* **What to work on**
Could you retype all of the records exactly, leaving out every picture?

┌──

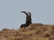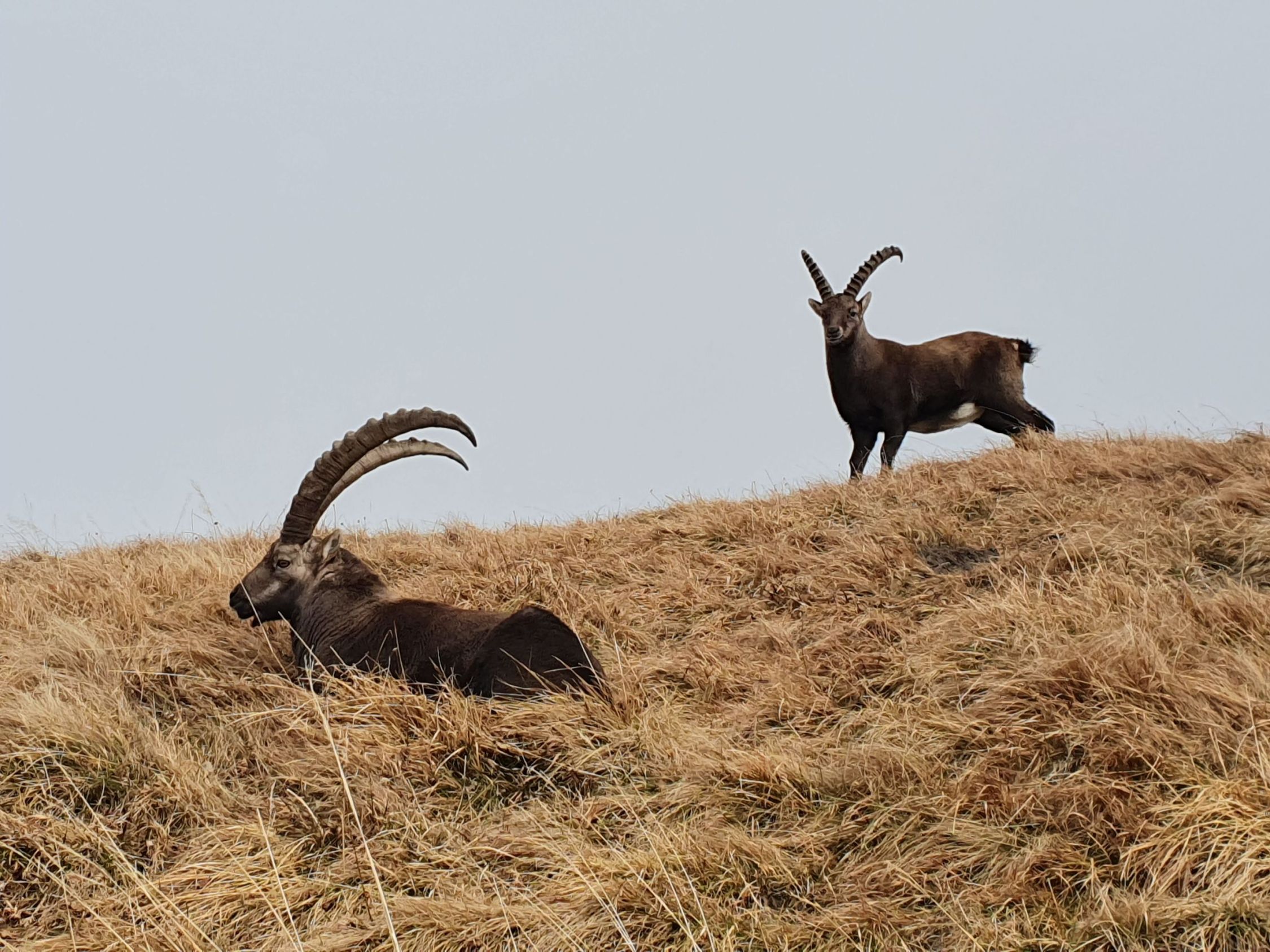 Dort mehrere Steinböcke auf Wanderweg am chillen. Teils etwas schnee und nass auf Wanderweg.
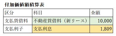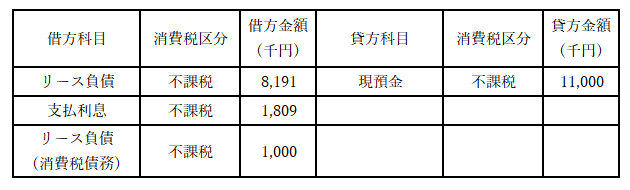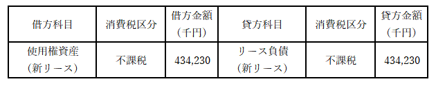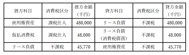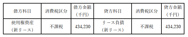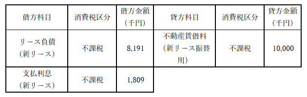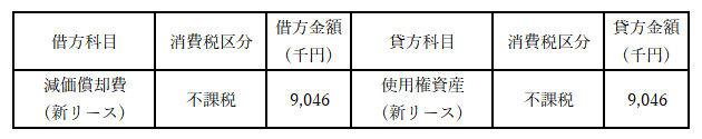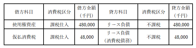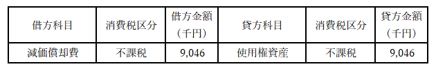 会計上は使用権資産が計上されますが、消費税法上は賃貸借取引が継続されるため、所有権移転外ファイナンス・リース取引契約での設例と異なり仮払消費税は計上されません。また、法人税法上は会計上計上した使用権資産、リース負債を取消す税務調整が必要となります。
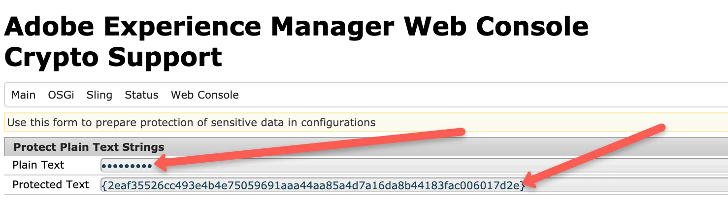 This feature allows all OSGi configuration properties to be stored in a protected encrypted form instead of clear text. The form intheWeb Console UI is used to create encrypted text from clear text using the system wide encryption master key.
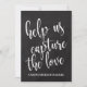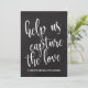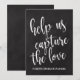 En elegant och modern bröllopsskrift med texten "Hjälp oss fånga kärleken" i en utåtriktad typsnittsstil, borststrukturen ger en spontan och lekfull känsla. Bakgrundsfärgen kan anpassas enligt dina behov och önskemål, kontaktar mig om du har några speciella önskemål.
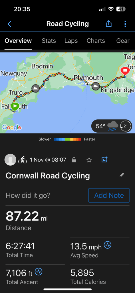 As I promised some final stats, 3751 miles in 289 hours at 12.98 miles per hour. Total climbing 173,000 ft or just about 6 times Everest! According to Garmin I used 217,000 calories. Maximum speed was 48.9mph on the A35 in Dorset. The main stat is of course raising over £10,000 for Mind. The need is immense but this is a significant contribution.

└──

* **Answer below**
 Dort mehrere Steinböcke auf Wanderweg am chillen. Teils etwas schnee und nass auf Wanderweg.
 会計上は使用権資産が計上されますが、消費税法上は賃貸借取引が継続されるため、所有権移転外ファイナンス・リース取引契約での設例と異なり仮払消費税は計上されません。また、法人税法上は会計上計上した使用権資産、リース負債を取消す税務調整が必要となります。
 This feature allows all OSGi configuration properties to be stored in a protected encrypted form instead of clear text. The form intheWeb Console UI is used to create encrypted text from clear text using the system wide encryption master key.
 En elegant och modern bröllopsskrift med texten "Hjälp oss fånga kärleken" i en utåtriktad typsnittsstil, borststrukturen ger en spontan och lekfull känsla. Bakgrundsfärgen kan anpassas enligt dina behov och önskemål, kontaktar mig om du har några speciella önskemål.
 As I promised some final stats, 3751 miles in 289 hours at 12.98 miles per hour. Total climbing 173,000 ft or just about 6 times Everest! According to Garmin I used 217,000 calories. Maximum speed was 48.9mph on the A35 in Dorset. The main stat is of course raising over £10,000 for Mind. The need is immense but this is a significant contribution.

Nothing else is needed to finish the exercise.